La myopathie de Becker (BMD) est une maladie musculaire progressive caractérisée par une présentation variable et un large éventail de symptômes. Cette affection touche principalement les hommes et est causée par des mutations du gène de la dystrophine, entraînant une dystrophine fonctionnelle réduite. Bien que la gravité et l’évolution de la maladie varient considérablement, il existe certains signes et symptômes caractéristiques qui peuvent éveiller le soupçon clinique de BMD.

​

Faiblesse musculaire : le symptôme le plus courant

​

La faiblesse musculaire est le symptôme le plus précoce et le plus évident de la BMD. Cette perte de force touche principalement :

• Les muscles de la région pelvienne et des cuisses, rendant des activités comme courir, monter des escaliers et se lever plus difficiles.

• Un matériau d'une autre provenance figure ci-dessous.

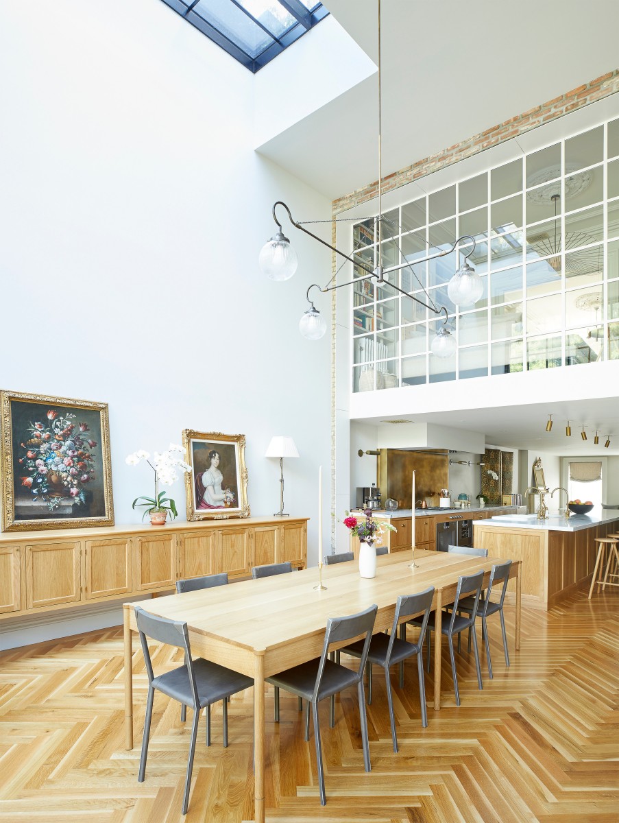 The cube addition is a minimally-adorned, double-height extension that stands in contrast to the upper floors. It is free of all moldings and partitions, a characteristic that extends throughout the garden level. The narrow edging of the kitchen cabinetry, the elegantly thin borders of the custom herringbone floor, and the thin lines of each light fixture set the aesthetic of this floor. Ancillary programs such as the pantry, cellar stairs, powder room, and wine storage fill the narrow space along the Western edge of the kitchen.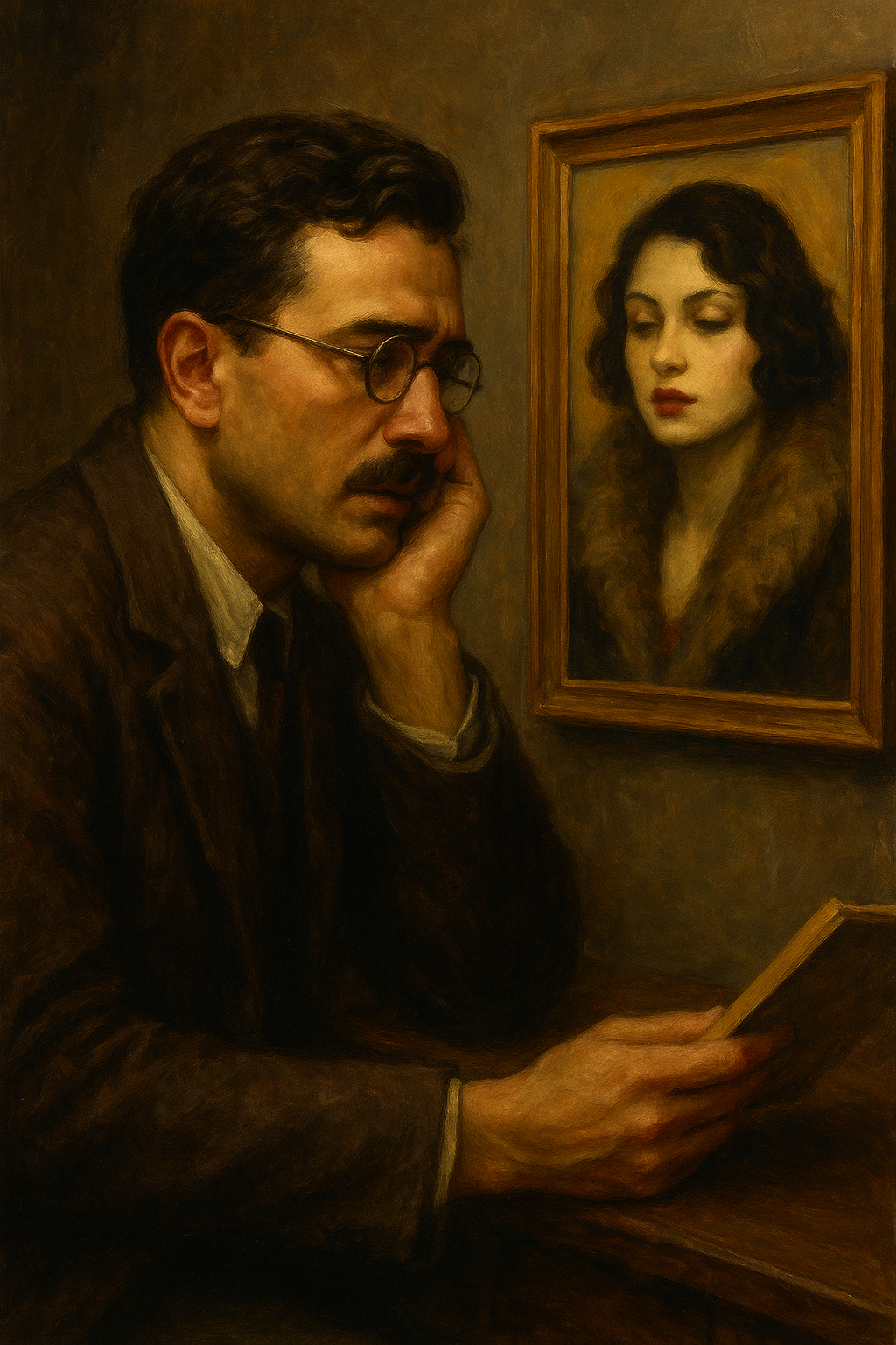 Raif Efendi’nin Maria Puder'in Resmine Aşık Olmasının Tasviri ( Yapay zeka ile oluşturulmuştur)

• Les muscles axiaux de la colonne vertébrale, en particulier dans la région lombaire, ce qui peut entraîner des problèmes de posture et des douleurs dorsales.

Chez les jeunes enfants, ces fonctions motrices peuvent sembler parfaitement normales, avec des symptômes qui n’apparaissent souvent que plus tard, dans l’enfance ou l’âge adulte. Cela contraste avec la dystrophie musculaire de Duchenne, où les premiers signes sont généralement visibles dès la petite enfance.

​

Hypertrophie musculaire : augmentation des muscles

​

Chez de nombreux patients atteints de BMD, on observe une hypertrophie des muscles du mollet. Cette augmentation de volume se manifeste souvent par un épaississement des mollets et peut parfois être le premier signe d’un problème musculaire. Toutefois, cela peut aussi prêter à confusion, car les muscles peuvent sembler plus forts qu’ils ne le sont en réalité.

​

Douleurs musculaires, crampes et rhabdomyolyse

​

Chez certains patients, les douleurs musculaires (myalgie) et/ou les crampes, en particulier après l’effort, peuvent être les premiers symptômes. Les efforts nécessitant des contractions musculaires excentriques, comme monter ou descendre des escaliers, augmentent le risque de lésions musculaires.

​

• En cas de lésions musculaires graves, une rhabdomyolyse peut se produire, une condition dans laquelle les muscles se dégradent et libèrent de la myoglobine dans l’urine, qui peut donner une couleur semblable à celle du cola. Cela peut entraîner des lésions rénales graves si elle n’est pas traitée à temps.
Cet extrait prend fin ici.